The study highlights a theory that it called the “subversion dilemma”: people who want to live in a democracy might tolerate “defection by their representatives to save democracy from their opponents.” Essentially, if citizens think one side allows their representatives to act anti-democratic, then they might have incentive to let their leaders commit similar acts.

“Around the world, anti-democratic leaders are convincing their supporters to vote away their political rights,” the study purports.

“While 78% of the world’s population reports wanting to live in a representative democracy, democracies continue to erode, with 70% of the population living in autocracies,” the study says. “Citizens in Venezuela, Turkey and Hungary strongly endorsed democracy while casting votes for authoritarian leaders Chávez, Erdoğan and Orbán, respectively.”

Donald Trump
Trump greets supporters at an event in Grimes, Iowa, June 1. (Scott Olson/Getty Images)

It also mentioned President Trump, who continues to spread falsehoods about Democrats rigging elections, a claim that’s been conclusively disproven. For instance, in 2016, he repeatedly said the election was rigged before it even happened.

Then, on Jan. 6, 2021, a mob of Trump supporters stormed the Capitol in an attempt to block Biden’s win in the 2020 election. After the attack, dozens of Republican congresspeople still voted against decertifying the results of the presidential race.

“This rhetoric probably contributed to the Capitol attack and to the widespread belief among Republicans that the 2020 election was stolen,” the study added.

But the study also takes aim at Democrats, noting a tweet from progressive Rep. Alexandria Ocasio-Cortez in 2019, “Well, it’s official: Republicans are now arguing that the US isn’t (& shouldn’t be) a democracy. This is what they believe. From lobbyists writing their bills to sabotaging our civil rights, the GOP works to end democracy,” and in 2020, Senator Elizabeth Warren tweeted, “Health care. Reproductive Freedom. Workers’ rights. Dreamers’ futures. Our planet. Democracy. Everything is on the line—so everything is on the table.”

The authors believe rebuilding trust and a sense of shared goodwill is key to combating the volatility.

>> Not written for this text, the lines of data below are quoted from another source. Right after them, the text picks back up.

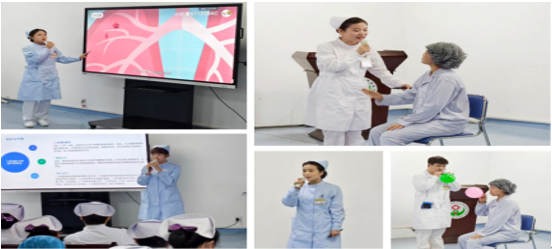 教学首先由实习生介绍肺结节相关知识、射频消融术及肺结节的六种治疗手段,以一名“右肺下叶混合磨玻璃结节”拟行手术的患者为案例,贯穿手术全周期。在术前护理环节,模拟了护士如何通过共情沟通缓解患者焦虑,并现场演示腹式呼吸、缩唇呼吸等呼吸功能锻炼方法,展现了心理支持与呼吸道准备的重要性。
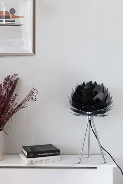 De Tripod tafellampvoet met E27-fitting transformeert met de drie slanke poten de gekozen lampenkap in een sculpturale tafellamp. Combineer bijvoorbeeld de voet met lampenkappen Aluvia, Carmina, Silvia, Around the World mini en medium of Eos micro, mini en medium evenals Eos Esther en Eos Evia van Umage.
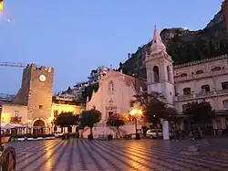 - 🌍 Piazza IX Aprile. A square with a balcony facing the Mediterranean Sea and Mount Etna. In the corner of the square stands the Torre dell'Orologio.
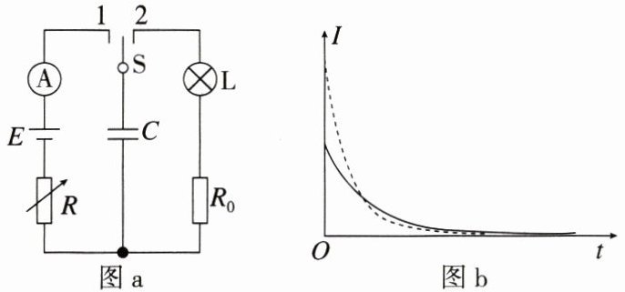 3. 将电阻箱的阻值调为$R_{2}(R_{2} > R_{1})$,再次将开关$S$与“$1$”端相接,再次记录电流随时间的变化情况。两次得到的电流$I$随时间$t$变化如图$b$中曲线所示,其中实线是电阻箱阻值为
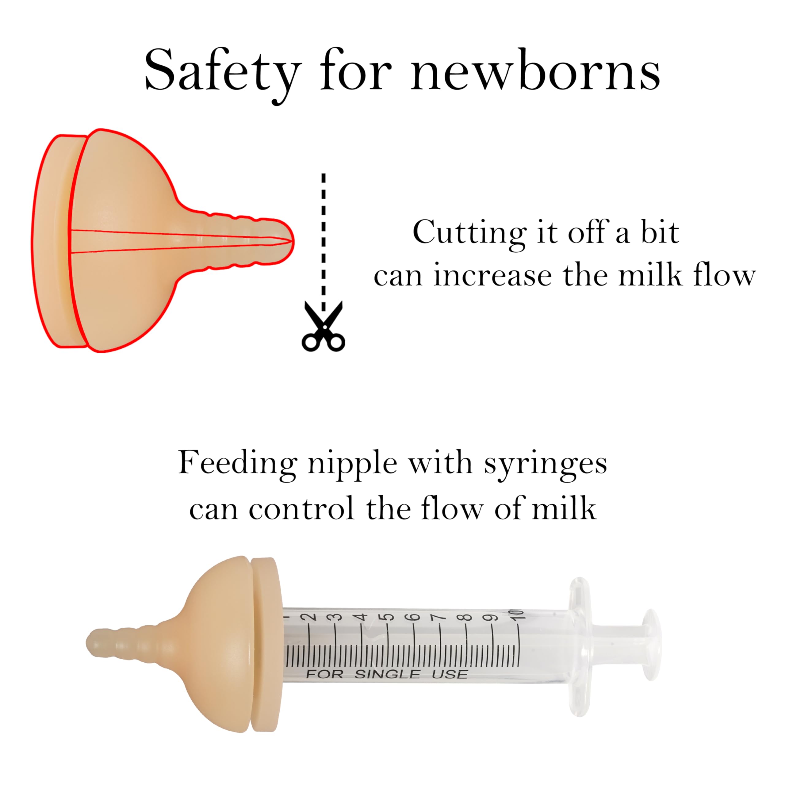 Easy to use and clean: Nipples can be steam disinfected and are also easy to clean and reuse. For 30 day old babies, they may bite off their nipples and there is a risk of accidental ingestion. Please use a 20ml syringe for feeding (without a nipple) to avoid this situation

Election misinformation and the solution

“The majority of people on both sides believe that they're the ones protecting democracy. I think you have political leaders or like, cynical people, manipulating people,” O’Connor said.

“But I think the majority of people believe in democracy, but they’ve been convinced through media that it’s the other side that wants to take away their rights or steal the election,” he added. “Trump accused Democrats of rigging elections, even before he won in 2016, and persists now in claiming that Democrat Joe Biden won in 2020 only through fraud.”

Joe Biden
President Biden at a Cabinet meeting on Tuesday. (Kevin Dietsch/Getty Images)

A hypothesis stemming from the study suggests that somehow reducing fears that the opposing side will violate democratic norms could lead voters to choose candidates who uphold these principles, not tear them down. But that won’t be easy.

“In our survey data, we see ample signs that Republicans want to protect democracy and that they are open to information that Democrats want to do the same. Republicans may therefore be open to this messaging and these signals, much more so than many Democrats assume,” the study concluded.